Leaving out all pictures, write out word for word the lines from the one containing "공식 문서를 살펴보면" to the end of the data below.

DATA SHOWN
[Start of section]

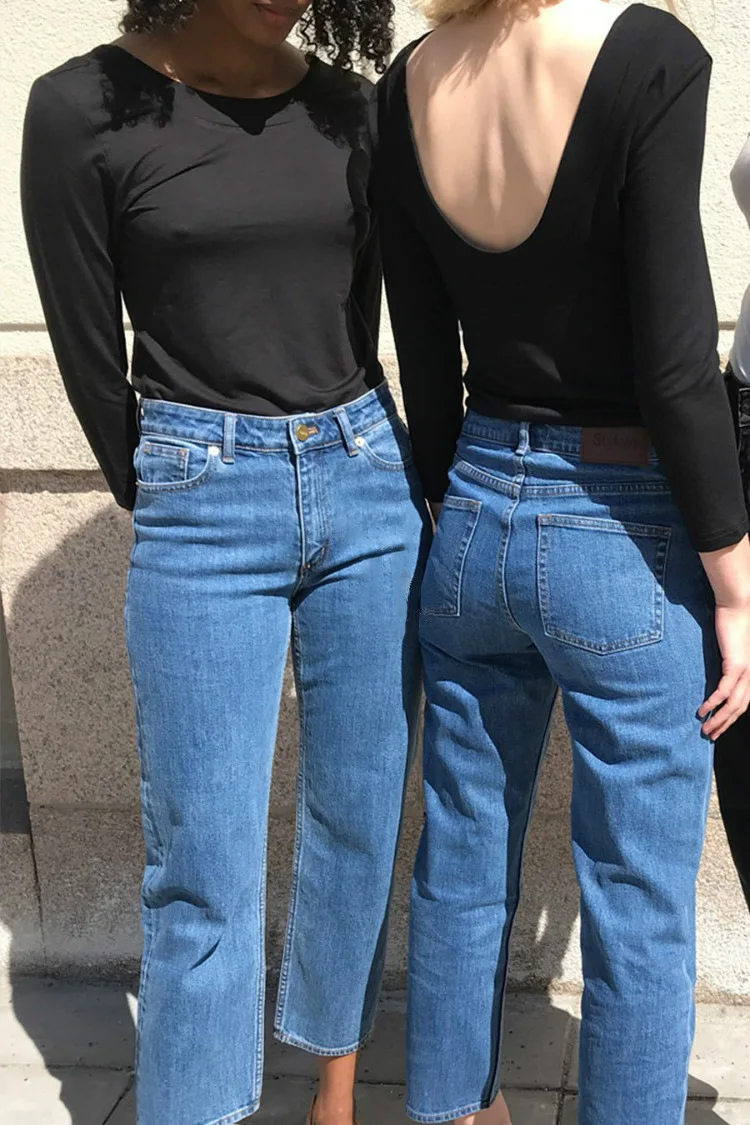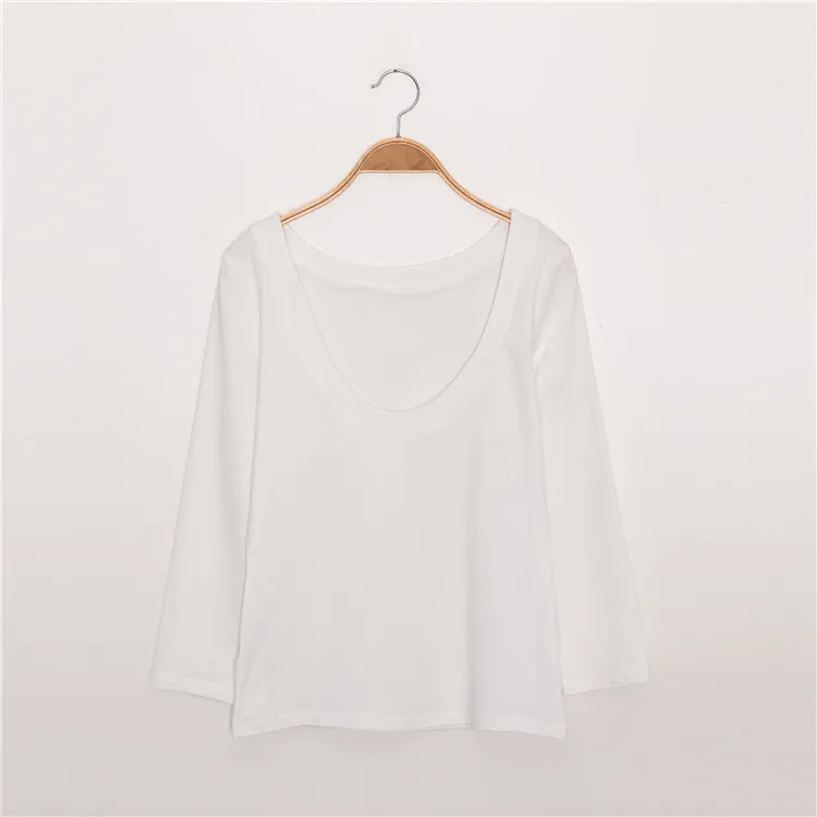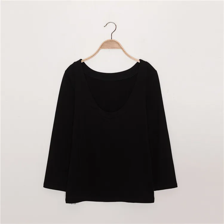 Белая или черная женская футболка с длинным рукавом и открытой спиной, простая женская футболка с круглым вырезом
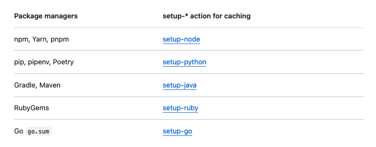 공식 문서를 살펴보면 setup-* 액션을 사용하면 직접 캐시 액션을 사용하지 않아도 캐시를 적용할 수 있는 방법이 소개되어 있다. 많은 캐시 액션 예제 글들이 직접 의존성 파일들을 캐싱하지만, setup-* 액션에 포함된 캐시 기능을 사용할 생각이다. 다음과 같은 setup-* 액션들을 지원한다.
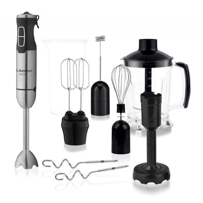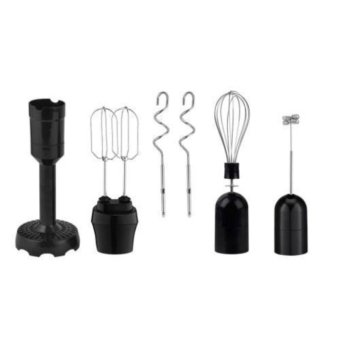 Мощность: 1000 Вт; Тип: погружной; Количество скоростей: 2; Плавное регулирование: да; Турборежим: да; Комплектация: 8 в 1; Аксессуары: насадка "блендер", венчик для взбивания, мерный стакан (600 мл), насадка-миксер, гак для теста, насадка для пюре, вспениватель для молока, чаша измельчителя (1250 мл); Нож: нержавеющая сталь; Материал корпуса: пластик; Цвет: черный+нерж.

[End of section]

ANSWER BOX
 공식 문서를 살펴보면 setup-* 액션을 사용하면 직접 캐시 액션을 사용하지 않아도 캐시를 적용할 수 있는 방법이 소개되어 있다. 많은 캐시 액션 예제 글들이 직접 의존성 파일들을 캐싱하지만, setup-* 액션에 포함된 캐시 기능을 사용할 생각이다. 다음과 같은 setup-* 액션들을 지원한다.
 Мощность: 1000 Вт; Тип: погружной; Количество скоростей: 2; Плавное регулирование: да; Турборежим: да; Комплектация: 8 в 1; Аксессуары: насадка "блендер", венчик для взбивания, мерный стакан (600 мл), насадка-миксер, гак для теста, насадка для пюре, вспениватель для молока, чаша измельчителя (1250 мл); Нож: нержавеющая сталь; Материал корпуса: пластик; Цвет: черный+нерж.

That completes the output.